Coverage Type: research
Location:
Broadband Internet Technical Advisory Group (BITAG), 1550 Larimer Street, Denver, CO, 80202, United States

A substantial portion of global voice communications are now carried over Internet Protocol (IP) and the Internet has become a fundamental medium supporting voice services.

Voice over IP (VoIP) services allow users to make calls between IP-based endpoints, and to interconnect with the traditional public switched telephone network. Impairment, failure, or restriction of VoIP services can create significant problems for users of those services, and can create problems for the operators of VoIP services, who may be required to troubleshoot or work around issues (where possible) to restore their users’ connectivity.

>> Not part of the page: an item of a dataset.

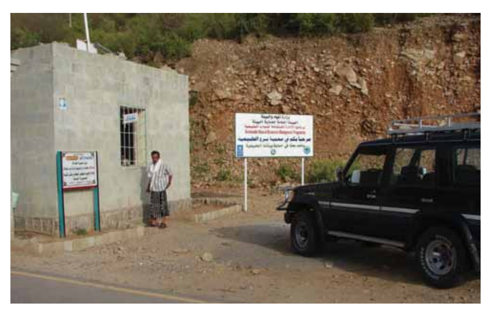
Fig. 3. Entrance to the Jebal Bura'a Protected Area in Jemen, one of the few remaining forest areas in the Arabian Peninsula (photograph: Max KASPAREK).

One of the most promising ways for protected areas to generate tangible and sustainable benefits is from nature-based tourism.

As VoIP services become more common around the world, incidences of VoIP impairment, failure, or restriction also have the potential to be construed as anti-competitive, discriminatory, or motivated by non-technical factors. With this report BITAG clarifies how VoIP may be impaired, fail, or be restricted in residential, mobile, application provider, and consumer networks and devices; the methods for mitigating VoIP impairments, failures, or restrictions; and recommendations concerning such. Among other things, the report recommends that:

  • Network operators should avoid impairing or restricting VoIP applications unless no reasonable alternatives are available to resolve technical issues.
  • VoIP-related Application Layer Gateways (ALGs) in operator-supplied home routers should minimize their impact on traffic other than the operator’s VoIP service where possible.
  • Manufacturers of home routers should disable VoIP-related ALGs by default.
  • Port blocking rules in consumer equipment should be user-configurable.
  • If network operators intentionally use network policies or practices that impair or restrict VoIP, they should provide disclosures about those policies and practices and provide communications channels for feedback.
  • Application developers should design VoIP applications to be port-agile where possible.